Figure 5. SHAP explanation force plots (A) and decision plot (B) of patient No. 1 (NO-DPC). SHAP explanation force plots (C) and decision plot (D) of Patient No. 2 (DPC). The force plots illustrate the individual feature contributions to class classification (prediction paths). The decision plot demonstrates how each feature contributes to the transition of the decision score from the base value to the classifier's predicted value. PAP, pulmonary artery pressure.

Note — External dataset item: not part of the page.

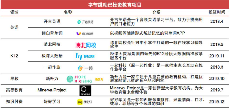 教育领域则是字节跳动近两年力推的新业务,旗下业务横跨pre-k,k12,成人教育多年龄段,涵盖多学科、多课程,软硬件均有探索。此外,字节跳动还参与投资了晓羊教育、新升力、Minerva University、一起作业、极课大数据等教育公司,力求在该领域闯出一片天。

Child 1 was a male admitted at 36 months of age, with a weight of 14.7 kg and a pre-intervention platelet count of 471 × 109/L. Echocardiography revealed a 2 mm size of defect and a pulmonary valve velocity of 0.8 m/s. During the procedure, the catheter-measured systolic PAP was 23 mmHg and the mean PAP was 18 mmHg. The patient underwent successful PDA closure with a 4–6 mm ADO occluder, resulting in no residual shunt. However, a decline of 18% in platelet count was observed compared with the pre-procedure levels. The RF model predicted a risk of 0.16 for post-intervention DPC for this patient, with systolic PAP, size of defect, weight and pulmonary valve velocity showing significant contributions to the model.

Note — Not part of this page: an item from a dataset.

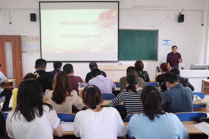 为贯彻落实学校和学院关于党史学习教育的要求,增强学院师生对百年党史的了解,强化党性教育,坚定理想信念,5月13日,555电影 于东校区6#C301举办第二次党史学习教育专题报告会,555电影 副院长于学强担任主讲人,副处级组织员陈新主持,全体党员教师和学生党支部全体党员参加会议。报告会上,于学强以“中国共产党的百年历程与基本经验”为题进行报告,从“中国共产党的百年历程”和“百年党史汲取的基本经验”两个部分展开讲解。于学强从中国共产党的诞生是历史必然、中国共产党领导革命的进程、中国共产党领导建设的进程以及中国共产党领导改革开放的进程四个方面对中国共产党的百年历程进行介绍,并总结了在百年奋斗历程中汲取的认清国情、围绕中心、加强党建和执政为民的四点基本经验。于学强运用鲜活的史实,从历史和现实的维度,全面阐述了中国共产党的百年奋斗历程,揭示了中国共产党人不忘初心和使命的历史之源。报告会结束后,学生党员纷纷表示受益匪浅,通过交流学习领略了党的百年光辉和卓越贡献,坚定了理想信念,厚植了爱党爱国情怀。

Child 2 was a male admitted at 60 months of age, with a weight of 14.2 kg and a pre-intervention platelet count of 220 × 109/L. Echocardiography revealed a 5.2 mm size of defect, a pulmonary valve velocity of 1.3 m/s and a moderate-to-severe PAH. During the procedure, the catheter-measured systolic PAP was 64 mmHg and the mean PAP was 51 mmHg, both indicating moderate-to-severe PAH. The child underwent PDA closure with a 14 mm ADO occluder, resulting in residual shunt with a flow velocity of 2.4 m/s. The post-intervention platelet count reached a minimum value of 31 × 109/L, accompanied by bleeding in the gums and skin. However, no visceral bleeding was observed. After treatment with vitamin K injections, haemostatic agents and vitamin C injections, the platelet count recovered to 64 × 109/L after 10 days. The RF model predicted a risk of 0.61 for post-intervention DPC for this child, with size of defect, systolic PAP, pulmonary valve velocity and mean PAP showing significant contributions to the model. In actuality, this patient experienced severe platelet decline, decreasing by 85.9% compared with the pre-procedure baseline value.
4 DiscussionThis study aimed to develop an ML model to early predict the occurrence of DPC after intervention closure in children with PDA. Comparison of four ML models showed that the RF model performed the best and could more accurately predict post-intervention DPC. SHAP was applied for interpretation to further understand this ML model. The results revealed that the top six ranked features in the RF model were systolic PAP, size of defect, weight, mean PAP, pulmonary valve velocity and age. Larger systolic PAP, mean PAP, size of defect and pulmonary valve velocity were associated with a higher risk of post-intervention DPC, whereas older age and heavier weight were associated with a lower likelihood of DPC.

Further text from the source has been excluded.